After this comment period expires, the FMCSA is required to look at all the comments and address those specific concerns when they publish their final rule. This often means small tweaks to the proposed rule, or language of the proposed rule. If the comment period brings up major concerns that require more significant changes to the proposed rule then the FMCSA usually will issue another Notice of Proposed Rulemaking and have another comment period.
How is the Rule added to the Federal Code?
Once the FMCSA has read through and addressed all of the issues put forth in the public comments they will create a document with the final rule and their reasoning behind the rule. This final rule and accompanying report appears in the Federal Register as well.
If there is no further steps taken by the public then this rule is added to the Federal Code.
When is the Effective Date of the Rule?
The effective date of the rule depends largely on the content of the rule, opinions from concerned parties during the comment period, and the opinion of the agency itself. If the rule is expected to be difficult or costly to implement then there is usually a waiting period, often of a year or more.
Some rules, that are more minor, or that are created to address a timely issue, will be made effective more quickly.
Does Congress or the President Review the Rules?

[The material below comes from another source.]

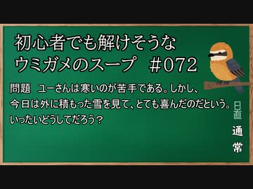 【ウミガメのスープ】 初心者でも解けそうなウミガメのスープ 【水平思考クイズ】 #072 「苦手な寒さを喜ぶ」

This is a difficult question to answer fully. Because the FMCSA is created as a rule-making body by act of the Congress, they are allowed to make rules and regulations and add them to the Federal Code without having to go through the traditional processes of most laws. However, before an agency-created rule can take effect, the FMCSA must submit information to Congress and the Comptroller General and allow them time to respond.

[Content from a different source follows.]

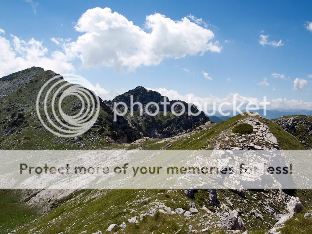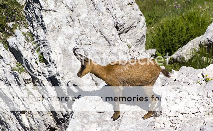 Anche se vorrei continuare mi fermo. Ci sono i camosci. Prima mi riposo 10 minuti, un panino, un succo, un pò d'acqua. Poi tiro fuori la macchina fotografica. Il solito cafoncello italiota mezz'ora prima aveva fatto scappare tutte le bestiole. Cosi facendo un pò di roccia mi apposto su un cucuzzolo ed attendo.. E dopo 20 minuti eccoli che tornano.

Congress and the Comptroller General receive a copy of the rule, the proposed effective date and a summary of the rule as well as whether the rule is a major or minor rule.
"Within 60 days after Congress receives an agency’s rule, excluding periods when Congress is in recess or adjournment, a Member of Congress can introduce a resolution of disapproval that, if adopted by both Houses and enacted into law, can nullify the rule, even if it has already gone into effect." (Congressional Research Service, The Federal Rulemaking Process: An Overview)
Generally Congress and the President defer to the opinions of those placed in charge of federal agencies, but in cases of particularly unpopular rules, members of Congress have 60 days to introduce a resolution of disapproval. If this resolution is passed in both the House and the Senate then it is de-codified. The President also has the opportunity to veto this resolution of disapproval effectively keeping the rule codified.
Congress also will occasionally show disapproval of a law by defunding the enforcement of all or part of that rule, thus rendering it ineffective.
What Can Truckers Do About Rules that Are Already Codified?
Talk to your congressional representatives about your dissatisfaction. Talk to the FMCSA about your disapproval. In some cases, you may also join special interest or lobbying groups who will petition on your behalf.
All throughout the process of creating rules and regulations, and even after the rules are codified, there are anti-trucking special interest groups lobbying for the attention of both legislators and the FMCSA. Many of these groups are funded by big businesses, insurance companies, and those who have very little interest in the lifestyle and opinions of professional truck drivers.
These groups will and do get the ear of these agencies. While the agencies arguably try to get a well-balanced view of the issues at play in our industry, if average drivers stay silent, then they are forced to listen to the loudest voices in the room.
If you take away one thing from this deep dive into the processes behind the FMCSA's rulemaking, please remember this. Your voice matters during FMCSA processes. Please involve yourself in the process of rulemaking in our industry. If you don't, we can guarantee someone else will.